The moment I got off the metro station at Abesses and realised I had been stolen quite a high sum of cash and the credit cards I was carrying with me I felt completely numb. The sense of vulnerability and loss didn't hit me but afterwards when Police refused to take my complaint because I was a non-resident and "my" Embassy let me down once they would only be able to help had I been stolen my passport, which I hadn't. This is just to put it mildly because the unbelievable sequence of almost ridiculous dialogues with any of the previously mentioned parties might be worth written in book format.

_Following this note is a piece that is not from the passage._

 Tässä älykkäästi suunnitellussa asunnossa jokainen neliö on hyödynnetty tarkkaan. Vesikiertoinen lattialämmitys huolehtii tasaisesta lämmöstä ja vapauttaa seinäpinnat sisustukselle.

I was on my way to Uzbekistan ... a trip I had longed for and fought for by putting money aside every month ... and the truth was all I could think of then was what had happened to me and not what might happen during that trip of a life time. C. gently provided me with the necessary money to cope with the situation, upon my request, and despite the fact that his gesture will always remain in my heart, it was everybody else's absence of compassion and sympathy I couldn't get rid of then.
I lost a full day and a half walking around from place to place, whilst phoning in a desperate attempt to sort some things out and yet throughout the whole process in the back of my mind I kept on rewinding the sequence of events from the moment I first (and last) used the wallet in Paris (still at Orly airport) and the one I realised it was gone (two hours afterwards). It just made no sense because at no particular moment did I feel anyone close enough to be able to have taken the wallet without me noticing it.

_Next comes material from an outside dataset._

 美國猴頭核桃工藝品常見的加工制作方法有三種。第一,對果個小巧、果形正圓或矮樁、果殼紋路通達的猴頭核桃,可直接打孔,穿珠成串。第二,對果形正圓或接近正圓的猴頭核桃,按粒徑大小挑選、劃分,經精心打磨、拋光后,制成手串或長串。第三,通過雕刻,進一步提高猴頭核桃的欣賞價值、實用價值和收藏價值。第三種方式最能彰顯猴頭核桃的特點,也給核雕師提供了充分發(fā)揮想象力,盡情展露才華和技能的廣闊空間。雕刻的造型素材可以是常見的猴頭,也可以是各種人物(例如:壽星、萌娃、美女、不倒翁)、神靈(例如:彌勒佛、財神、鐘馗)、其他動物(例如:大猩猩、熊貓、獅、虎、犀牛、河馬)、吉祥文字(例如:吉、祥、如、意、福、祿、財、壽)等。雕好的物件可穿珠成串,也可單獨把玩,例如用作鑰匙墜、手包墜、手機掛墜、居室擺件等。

I should have been able to put away those thoughts of hopelessness and enjoy Paris but I just couldn't. My flight to Ourgentch was at nine in the evening but I was at Charles de Gaule airport at eleven in the morning, as if wanting to anticipate the next "phase" and fly away from there as soon as possible. I have only been stolen money and my documents twice and both of those times were in France. This time was harder, not necessarily because of being on my own and dependant but furthermore because I realised those who should have sympathised with me and the unfortunate circumstance I found myself in were not up to their duties, at least the ones they have undoubtedly been trained for ... (I can just vaguely wonder what it might have been like had I not been able to speak French).